-- Opening Marker --

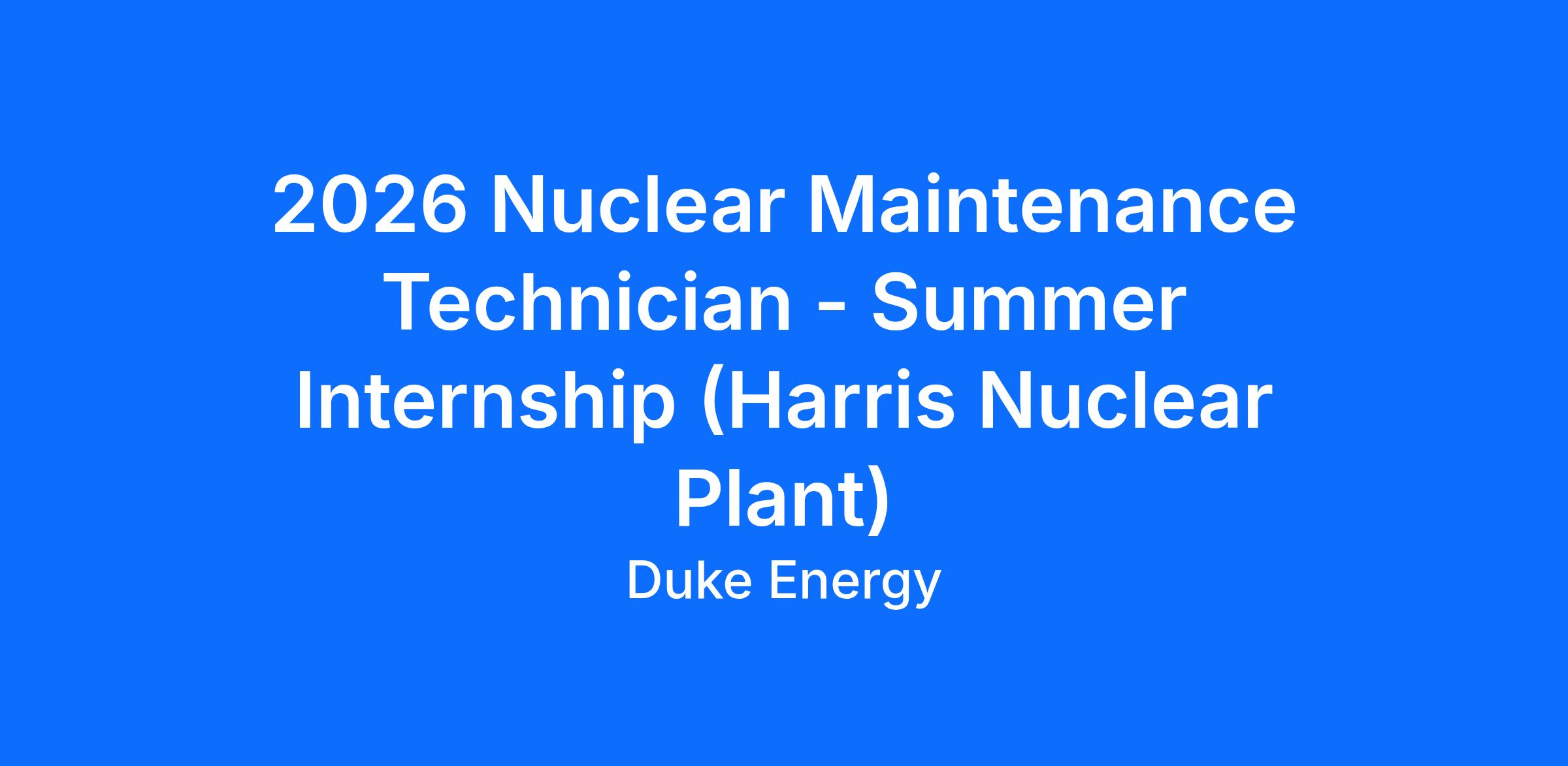 - Residency Requirement: The position has a residency requirement within 60 minutes from your residence to Harris Nuclear Plant.
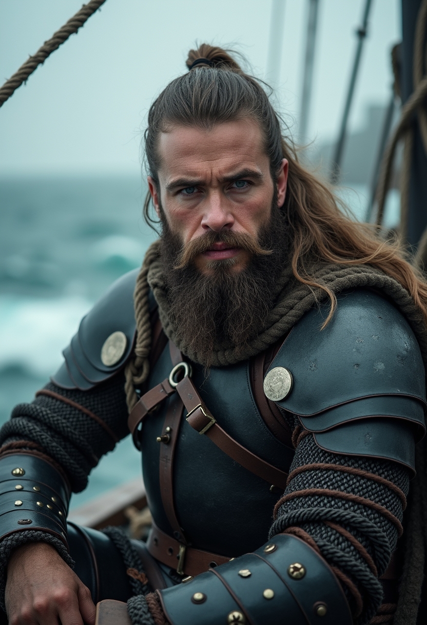 Мужчина, одетый в доспехи викинга, на борту лодки посреди бурного моря. Его длинные волосы собраны в хвост, а густая борода и усы дополняют суровый образ. Доспехи состоят из кожаной брони, кольчуги и металлических пластин, украшенных заклепками. Мужчина держится за толстый канат, его взгляд направлен прямо на зрителя, выражая уверенность и силу. Освещение драматичное, с контрастом между темными тонами одежды и светлой кожей лица, подчеркивающим детали доспехов и текстуры. Атмосфера мрачная и суровая, соответствует образу бушующего моря и сурового воина. Общее настроение изображения – эпическое и героическое.
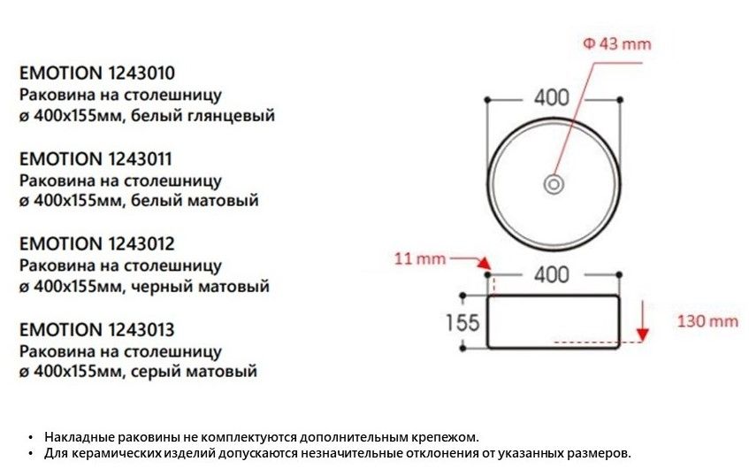 Накладная раковина Avimano Emotion 1243013 40см серый матовый купить
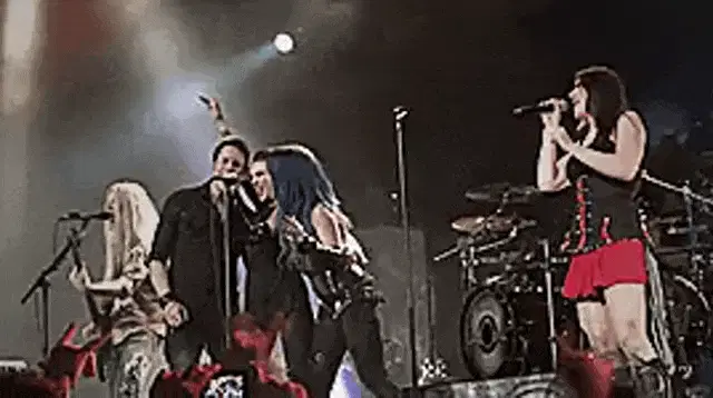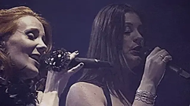 Man in red shirt speaking into a microphone with the Spanish phrase 'Me Intriga' displayed.
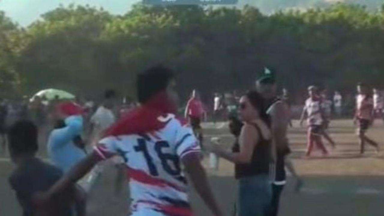 Durante la transmisión en vivo del partido se escucharon varias detonaciones de arma de fuego. Las imágenes captaron la reacción inmediata de los asistentes, quienes corrieron por la cancha en busca de resguardo. Jugadores y espectadores intentaron alejarse de la zona para ponerse a salvo. Debido a la situación, el partido fue suspendido de manera inmediata.

-- Closing Marker --

*What the task requires*:
Each line from the one containing "Man in red shirt" down to the final line of the records above must be reproduced exactly; no pictures go into the copy.

*Worked solution*:
 Man in red shirt speaking into a microphone with the Spanish phrase 'Me Intriga' displayed.
 Durante la transmisión en vivo del partido se escucharon varias detonaciones de arma de fuego. Las imágenes captaron la reacción inmediata de los asistentes, quienes corrieron por la cancha en busca de resguardo. Jugadores y espectadores intentaron alejarse de la zona para ponerse a salvo. Debido a la situación, el partido fue suspendido de manera inmediata.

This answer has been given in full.